Chavez entered the country illegally in 1981. He became a permanent resident in 1989 under President Ronald Reagan's immigration reform bill, commonly known as amnesty, and a citizen in 2002. The time is right for another change in the law, he said.

"I know there are thousands of young people who are ready to make meaningful contributions to strengthen our country, and without that opportunity we limit their potential," he said.

There was evidence Sunday that major changes have already taken place.

Jose Torres, a Jalisco, Mexico, native who came illegally to the United States when he was 12, can now live and work legally in the United States. He qualified in October for the Deferred Action for Childhood Arrivals program, which President Barack Obama started with an executive order.

"I'm not going to lie to you, DACA changed my life. But it's just a stepping stone, it's not enough," said Torres, 26, of Rohnert Park.

"They call us Dreamers," he added, a term used to describe young immigrants who would benefit from the proposed Dream Act, which would create a path to citizenship for certain undocumented immigrants brought into the country illegally as children.

"But the true dreamers," Torres said, "are the parents who left everything behind to give us a better life."

Many of those parents were in the crowd, and some said they are keeping a close eye on Washington where a bipartisan group of senators is working on an immigration reform bill.

"I have more hope this year," said Jose Hernandez, a Santa Rosa resident who entered the United States illegally in 1990.

"There are a lot of people hoping," he said.

Maria Ramirez of Rohnert Park, a Mexican native who is a legal resident, said illegal immigrants have earned their way to a legal status in the community.

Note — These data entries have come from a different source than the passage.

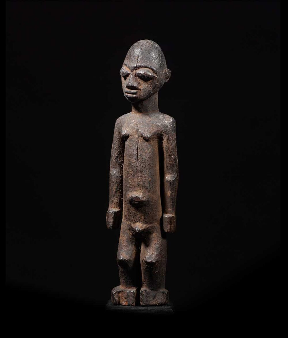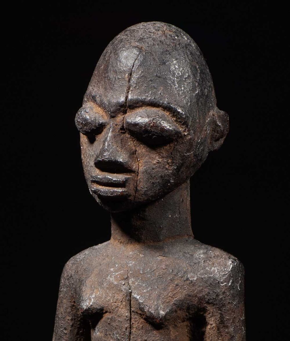 Standing on thick powerful legs this fine Lobi figure is sculpted by a known hand. Possessing great attention to detail; its naturalistic face has beautifully carved features, such as its raised oval shaped eyes and protruding lips. Carved from hardwood with a deep aged encrusted patina from decades of use.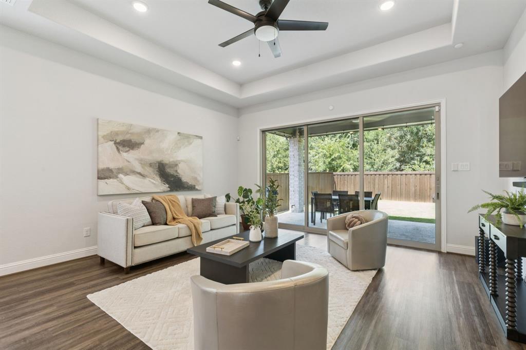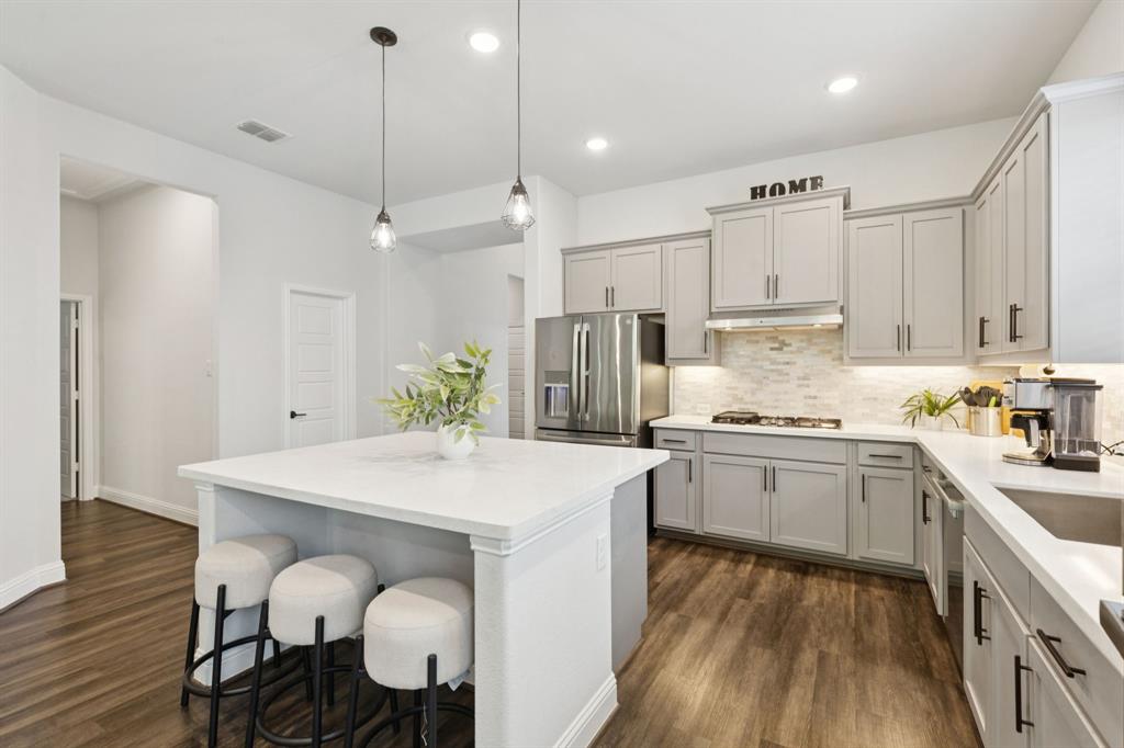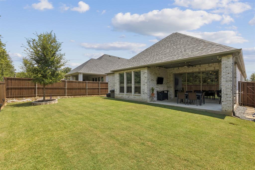 Seller offering $10k concession to buyer with acceptable offer, use for closing costs or rate buy down! A rare and beautifully upgraded single-story gem with a coveted 3-car garage, including a 220V plug for your EV or workshop setup, and so much more! From the moment you enter, you’ll be wowed by the soaring ceilings, expansive layout, and the custom panoramic sliding glass doors that seamlessly connect your living space to the oversized extended covered patio, perfect for indoor-outdoor entertaining or quiet evenings soaking in the sunset. Designed with both functionality and luxury in mind, this home features 3 spacious bedrooms, 3 full bathrooms, and a dedicated office ideal for working from home or creative pursuits. The chef’s kitchen is the heart of the home, featuring abundant counter space, a walk-in pantry, and an open flow to the dining and living areas, all with unobstructed views of your lush, grassy backyard. The primary suite is a true retreat, offering an extended layout, dual walk-in closets, and a spa-inspired bath complete with a soaking tub and separate shower. You'll also love the new roof (less than 1 year old) and the thoughtful details that elevate every corner of this home. All of this is tucked in a vibrant community that offers a resort-style amenity center, pool, fitness facility, and stocked fishing pond, all within walking distance. Plus, you're just minutes from the sparkling shores of Lake Lewisville for weekend fun and relaxation. Don’t miss this rare opportunity to own a one-of-a-kind home, come experience it for yourself!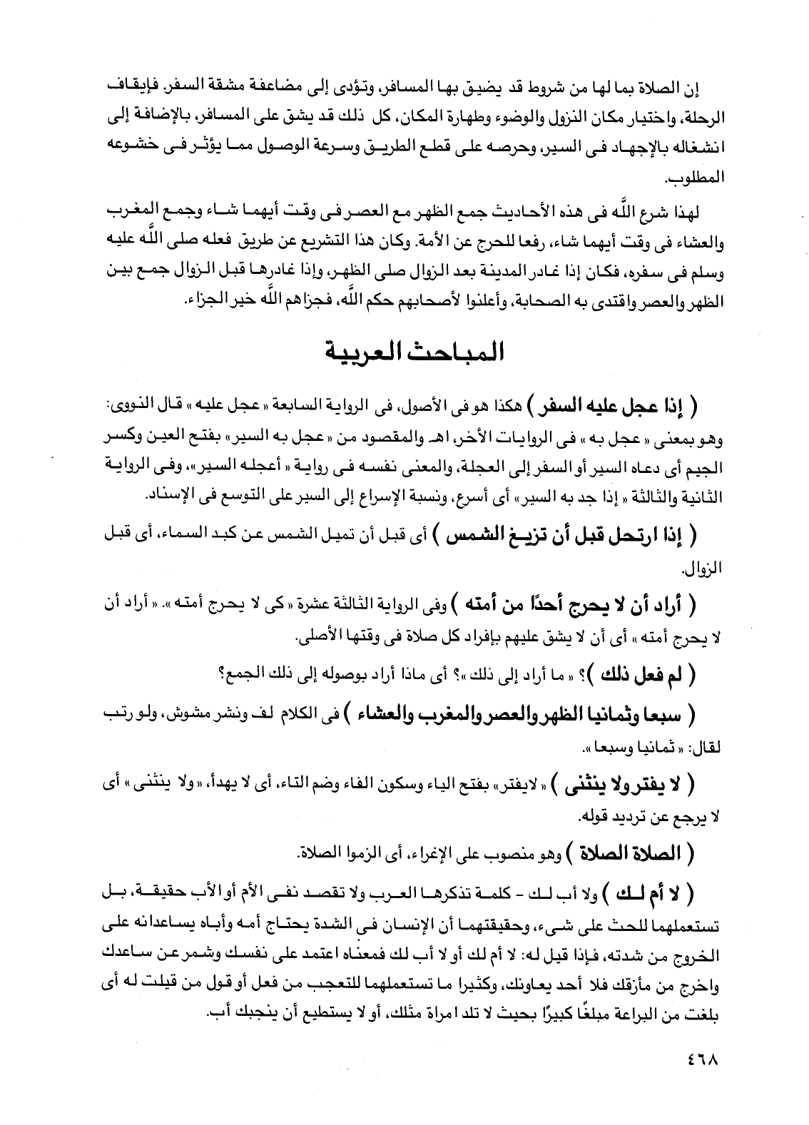 لهذا شرع اللَّه في هذه الأحاديث جمع الظهر مع العصر في وقت أيهما شاء وجمع المغرب والعشاء في وقت أيهما شاء، رفعًا للحرج عن الأمة. وكان هذا التشريع عن طريق فعله صلى اللَّه عليه وسلم في سفره، فكان إذا غادر المدينة بعد الزوال صلى الظهر، وإذا غادرها قبل الزوال جمع بين الظهر والعصر واقتدى به الصحابة، وأعلنوا لأصحابهم حكم اللَّه، فجزاهم اللَّه خير الجزاء.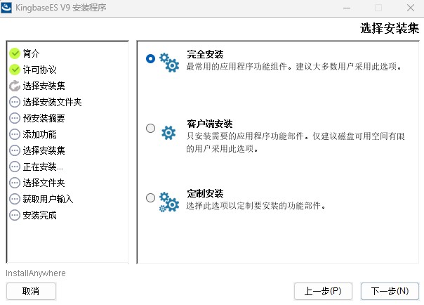 - 完全安装:安装服务端和客户端组件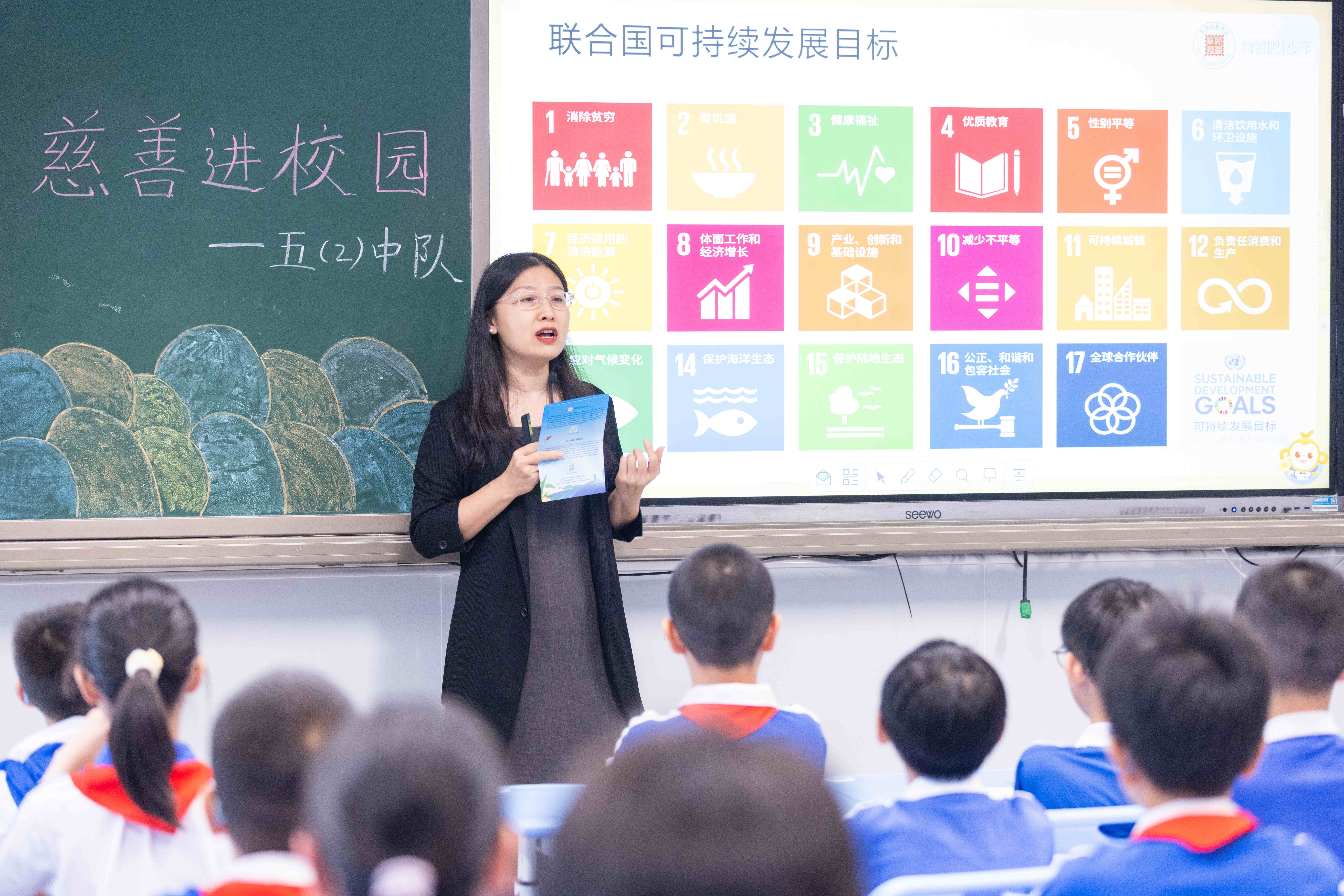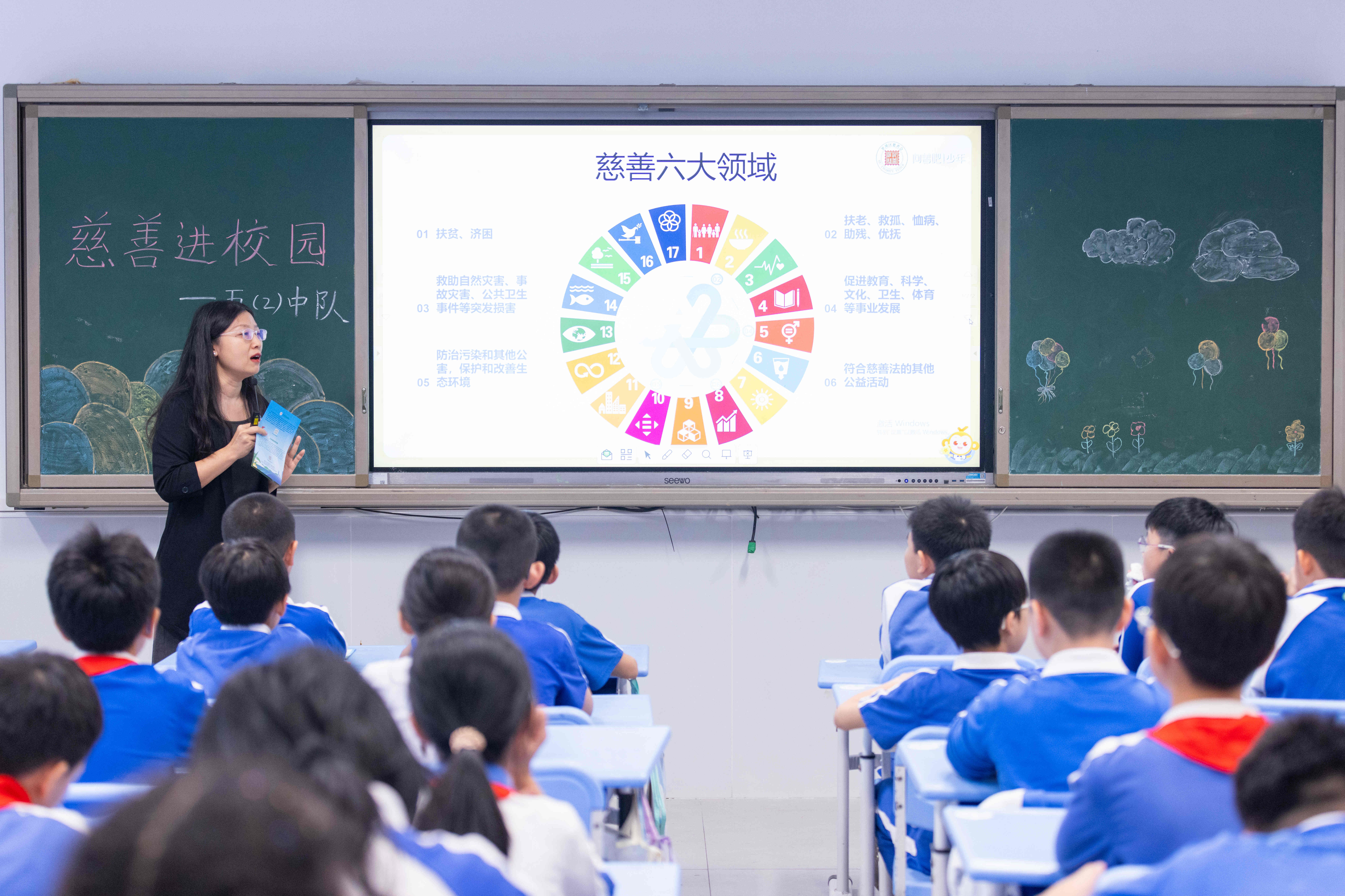 李老师巧妙串联联合国17项可持续发展目标与《慈善法》六大领域,将抽象概念转化为生活化表达。随后开展小组互动,同学们各自认领慈善方向,讨论可行行动,在交流中深化理解。

"They have suffered through hard work, low pay, separation from their families, humiliation and discrimination," she said. "And still they work. They persist."

Eventually, the march took shape, heading east down Sebastopol Road.

It proceeded without incident, taking about 1 ?-hours to reach downtown. The procession bristled with signs: "Stop the Raids." "Stop Separating Families." "Immigration Reform Now." "No Farmworkers, No Food."

Francisco Hernandez, who entered the county illegally in 1993 and has lived in Santa Rosa ever since, stood on the bandstand, looking out for audio equipment set up for speeches yet to be made.

A native of the Mexican state of Oaxaca, he works in Napa and Sonoma county vineyards. Nearly everyone he knows is an illegal immigrant, he said.

He showed off a photograph on his cellphone of him in a martial arts uniform. He teaches karate to kids in his Corby Avenue neighborhood so they'll stay out of trouble, he said.

He knows, he said, that there are many people who believe that because he is here illegally, he does not deserve the chance to become a citizen.

"I ask their forgiveness," he said. "I came to help my family."